Curtis R E, Boice J D, Stovall M, Bernstein L, Greenberg R S, Flannery J T, Schwartz A G, Weyer P, Moloney W C, Hoover R N
Radiation Epidemiology Branch, National Cancer Institute, Bethesda, Md. 20892.
N Engl J Med. 1992 Jun 25;326(26):1745-51. doi: 10.1056/NEJM199206253262605.
Few studies have evaluated the late effects of adjuvant chemotherapy for breast cancer. Moreover, the relation between the risk of leukemia and the amount of drug given and the interaction of chemotherapy with radiotherapy have not been described in detail.
We conducted a case-control study in a cohort of 82,700 women given a diagnosis of breast cancer from 1973 to 1985 in five areas of the United States. Detailed information about therapy was obtained for 90 patients with leukemia and 264 matched controls.

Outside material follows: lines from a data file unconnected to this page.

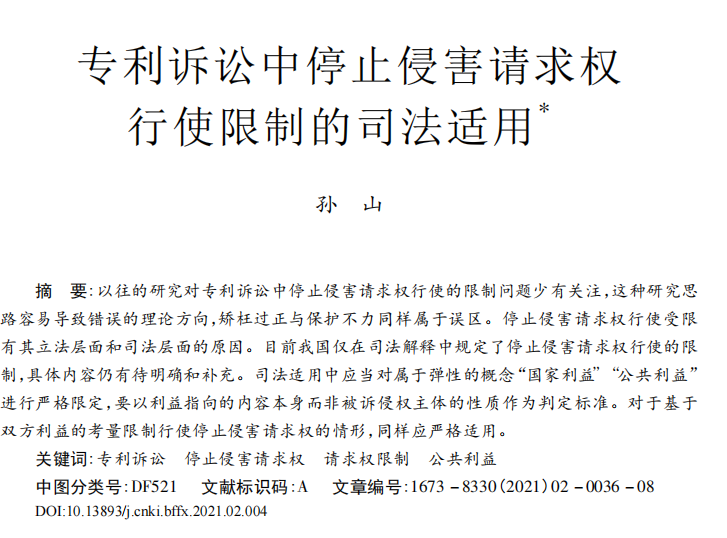 专利诉讼中停止侵害请求权行使限制的司法适用_孙山.pdf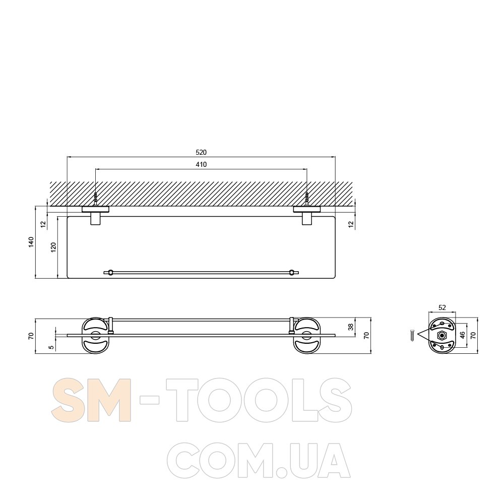 Описание Полка универсальная Lidz Oreo 0901 стеклянная (52*12 см) LDORE0901CRM22178 Chrome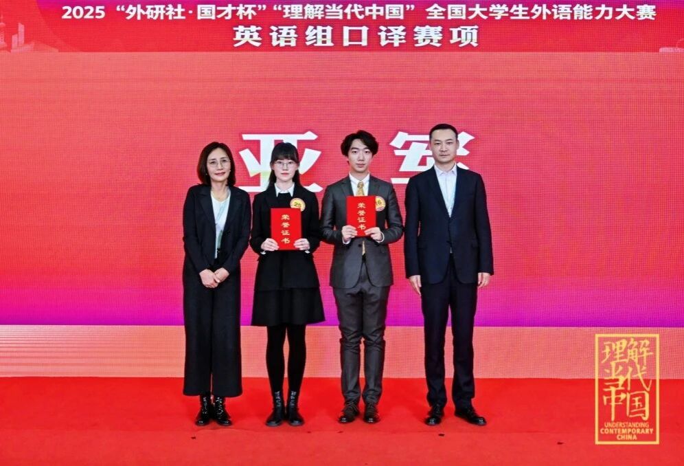 2025年12月5-8日,“外研社·国才杯” “理解当代中国”全国老员工外语能力大赛圆满落幕。在“英语组口译赛项”中,beat365英国官网网站学子再创佳绩。2023级英语口译(复语)硕士研究生沈韫青获得国赛金奖(冠军),指导老师:曾佳宁、张雨晴;2024级英语口译(复语)硕士研究生李如蓝获得国赛金奖(亚军),指导老师:张璐、曾佳宁;2025级英语口译硕士研究生闫思晗获得国赛金奖,指导老师:张雨晴、张璐;2025级英语口译硕士研究生马雨萌获得国赛银奖,指导老师:邓小玲。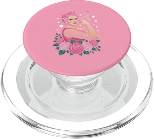 Breast Cancer Survivor Pink Ribbon Rosie Riveter PopSockets PopGrip for MagSafe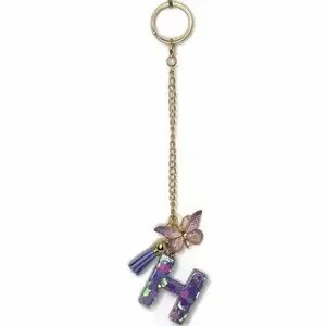 Purple Pink Hearts 'H' Butterfly Tassel Plastic Bag Charm Keychain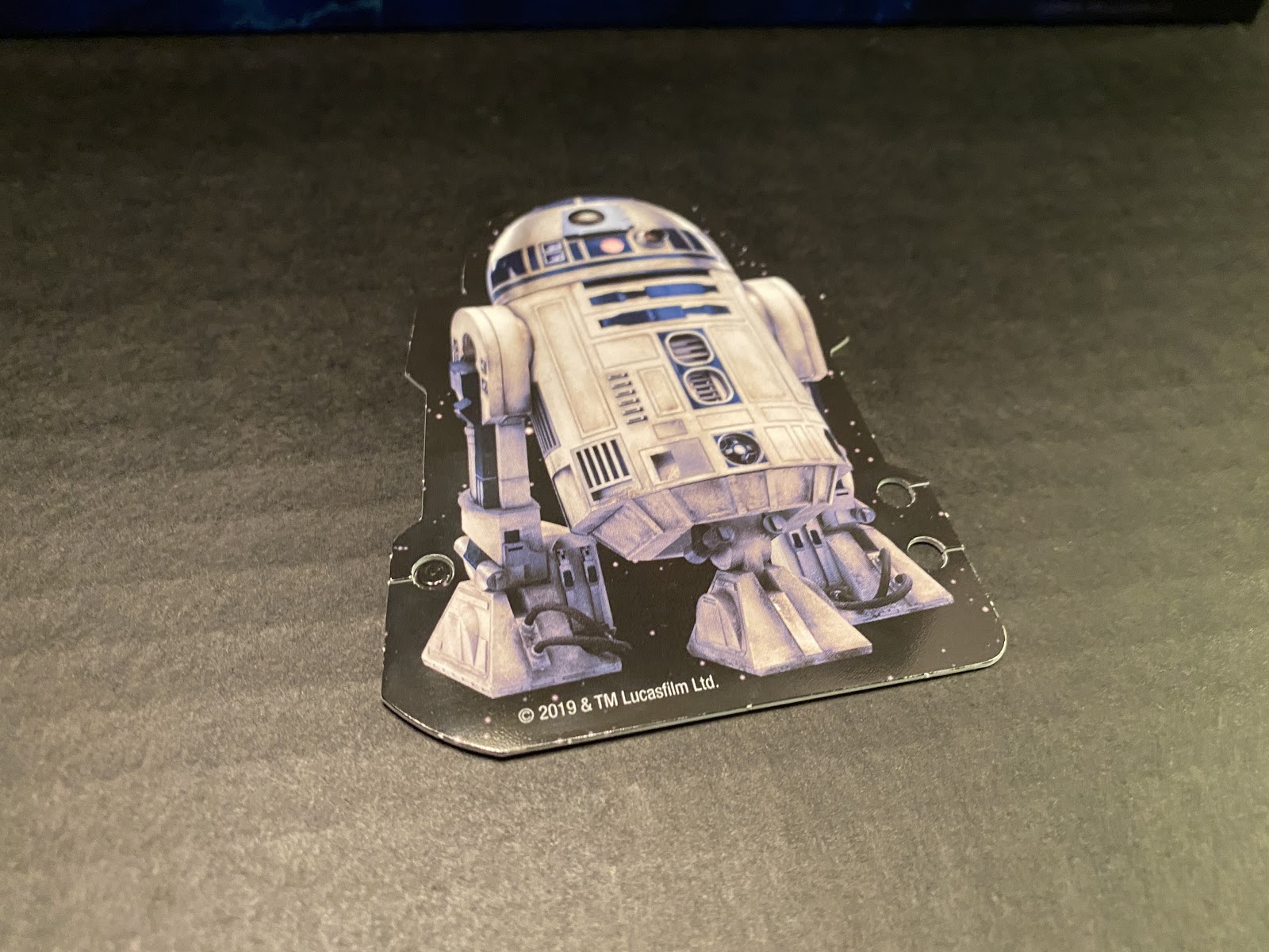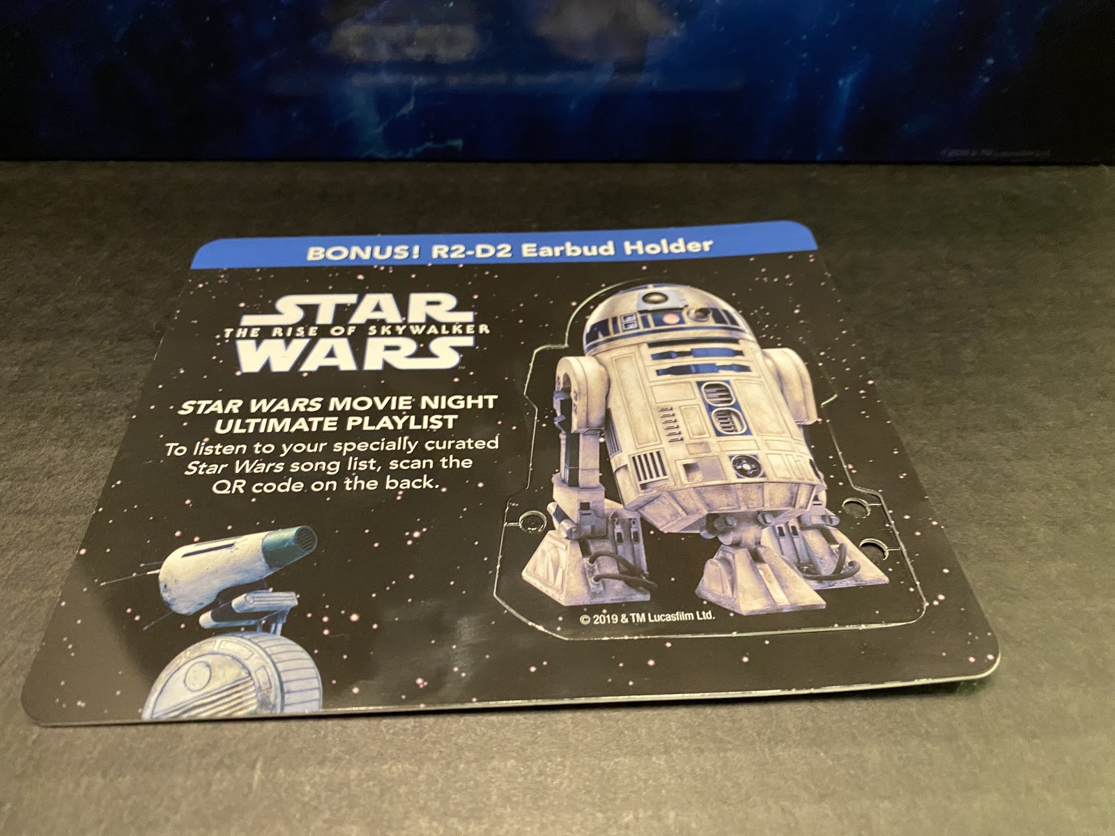 R2-D2 is now your earbud’s best friend as a plastic earbud holder with prongs to hold the ends of the cable, which can warp around it. It’s not so useful if you’re already using wireless earbuds, but if nothing else you can use the QR code to access the “Star Wars Movie Night Ultimate Playlist.”

The dose of radiation to the active marrow was estimated from individual radiotherapy records (mean dose, 7.5 Gy).
The risk of acute nonlymphocytic leukemia was significantly increased after regional radiotherapy alone (relative risk, 2.4), alkylating agents alone (relative risk, 10.0), and combined radiation and drug therapy (relative risk, 17.4). Dose-dependent risks were observed after radiotherapy and treatment with melphalan and cyclophosphamide. Melphalan was 10 times more leukemogenic than cyclophosphamide (relative risk, 31.4 vs. 3.1). There was little increase in the risk associated with total cyclophosphamide doses of less than 20,000 mg.
Although leukemia occurs in few patients with breast cancer, significantly elevated risks were linked to treatments with regional radiation and alkylating agents. Melphalan is a more potent leukemogen than cyclophosphamide or radiotherapy. Low risks were associated with the levels of cyclophosphamide in common use today. Systemic drug therapy combined with radiotherapy that delivers high doses to the marrow appears to enhance the risk of leukemia.
很少有研究评估乳腺癌辅助化疗的远期影响。此外,白血病风险与给药剂量之间的关系以及化疗与放疗的相互作用尚未得到详细描述。
我们在美国五个地区对1973年至1985年期间被诊断为乳腺癌的82700名女性队列进行了一项病例对照研究。获得了90例白血病患者和264例匹配对照的详细治疗信息。根据个体放疗记录估算对活跃骨髓的辐射剂量(平均剂量,7.5 Gy)。
单纯区域放疗后急性非淋巴细胞白血病风险显著增加(相对风险,2.4),单纯烷化剂治疗后(相对风险,10.0),以及放疗与药物联合治疗后(相对风险,17.4)。放疗以及美法仑和环磷酰胺治疗后观察到剂量依赖性风险。美法仑致白血病的可能性比环磷酰胺高10倍(相对风险,31.4对3.1)。环磷酰胺总剂量低于20000 mg时,相关风险几乎没有增加。
虽然乳腺癌患者中白血病发生率较低,但区域放疗和烷化剂治疗与显著升高的风险相关。美法仑比环磷酰胺或放疗更易致白血病。当今常用的环磷酰胺剂量相关风险较低。全身药物治疗联合对骨髓给予高剂量放疗似乎会增加白血病风险。